Nur kurze Zeit nach diesem Seilfahrtsunglück ereignete sich auf dem Zirkelschacht ein weiteres Ereignis mit gravierenden Auswirkungen auf das gesamte Mansfelder Bergrevier. Im Oktober 1907 kam es in der 5. Sohle des Zirkelschachtes zu einem verheerenden Wassereinbruch. Er führte zur Einstellung des Abbaus in diesem sehr gut vererztem Lagestättenfeld. Allein ca. 1.000 auf dem Zirkelschacht angelegten Bergleute mussten auf andere Kupferschieferreviere umgelegt werden. Der Wassereinbruch im Baufeld des Zirkelschachtes trat relativ unerwartet ein. Nicht nur große Teile des Baufeldes des Zirkelschachtes wurden unter Wasser gesetzt, sondern auch der Betrieb der benachbarten Schächte Niewandt und Paul musste wegen Überflutung zeitweilig eingestellt werden. Die Belegschaft wurde auf andere Schächte versetzt, wobei die Mansfelder Bergwerksbahn bei der Beförderung dieser Bergleute zu den anderen Schächten sehr gute Dienste leistete.

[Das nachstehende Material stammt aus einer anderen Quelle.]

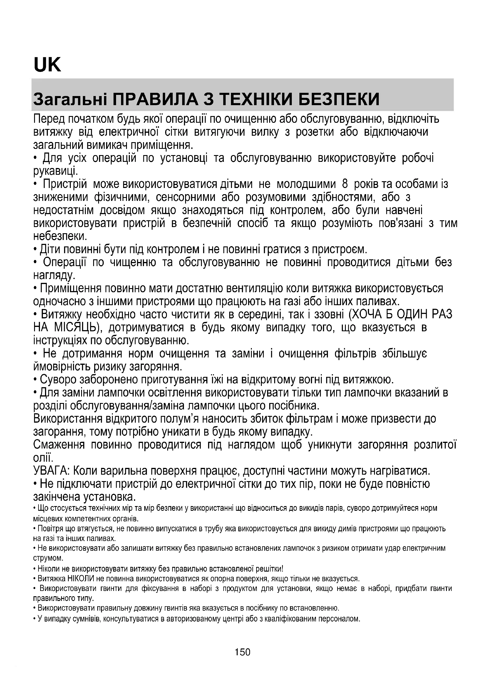 Загальні ПРАВИЛА З ТЕХНІКИ БЕЗПЕКИ Перед початком будь якої операції по очищенню або обслуговуванню, відключіть витяжку від електричної сітки витягуючи вилку з розетки або відключаючи загальний вимикач приміщення.
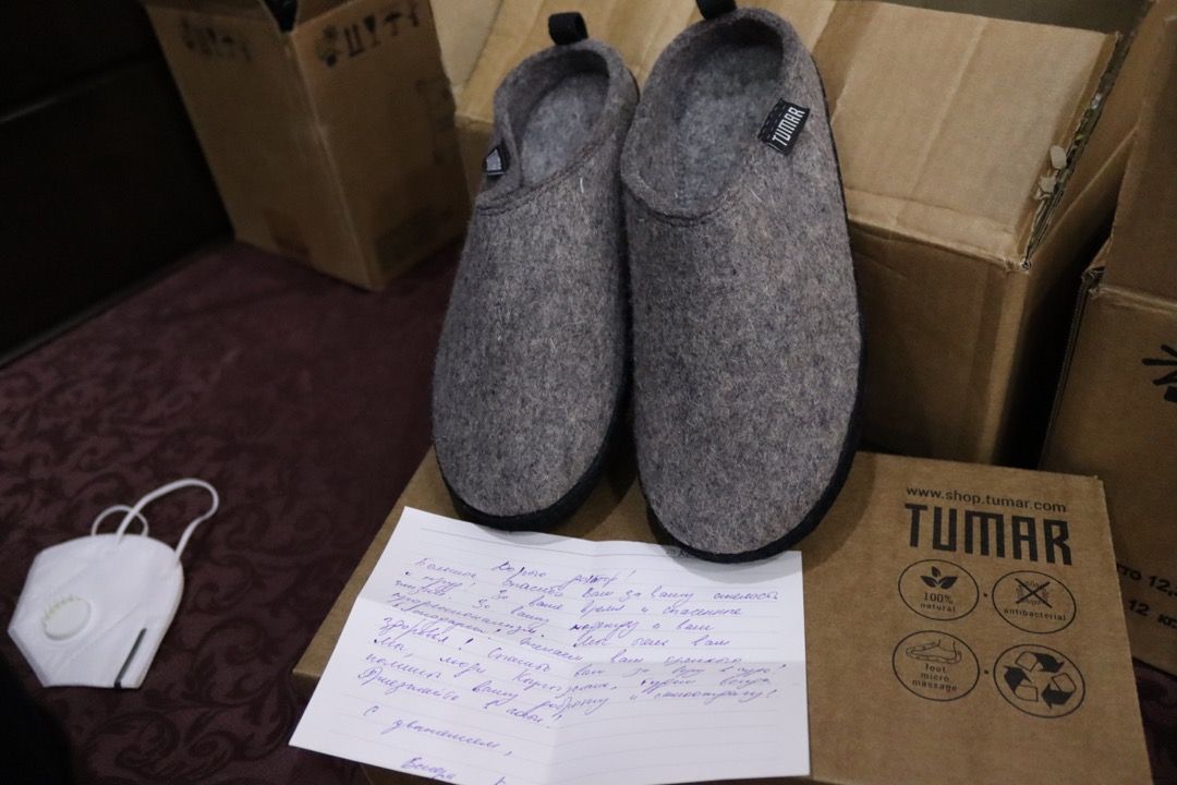 «Я увидела пост одного из журналистов о том, что российские доктора уезжают к себе на родину. Журналист предлагал в качестве благодарности подарить врачам калпак. Позже мы списались в личном чате и решили подарить войлочные тапочки с замшевой подошвой, так как эта идея показалась более оригинальной», — рассказала активист.

Während auf dem Zirkelschacht keine ausreichenden Pumpenkapazitäten vorhanden waren, standen sie auf dem Hohenthalschacht zur Verfügung. Was aber noch fehlte, war die Möglichkeit, das Wasser aus der 5. Sohle des Zirkelschachtes zum Hohenthalschacht abzuführen. Diese Streckenverbindung wurde nach dem Wassereinbruch mit aller Kraft im Gegenortsprinzip vom Zirkel- und Hohenthalschacht geschaffen. Im Januar 1908 war die Verbindung zwischen diesen beiden Schächten hergestellt und ab Februar 1908 wurden die Zirkelschächter Wässer dem Wasserhaltungssystem des Hohenthalschachtes zugeführt. Damit konnte mit der Sümpfung der eingebrochenen Karstwasser begonnen werden. Die Beseitigung der Auswirkungen des Wassereinbruchs nahm längere Zeit in Anspruch. Die Betriebsstörungen auf dem Niewandtschacht konnten erst im September 1908 vollständig beseitigt werden, Auch die  Ferigstellung des Paulschachtes verzögerte sich erheblich. Die Erzförderung des Paulschachtes konnte erst am 1. November 1908 aufgenommen werden. Der Zirkelschacht erreichte erst Anfang des Jahres 1909 wieder seine volle Erzförderung.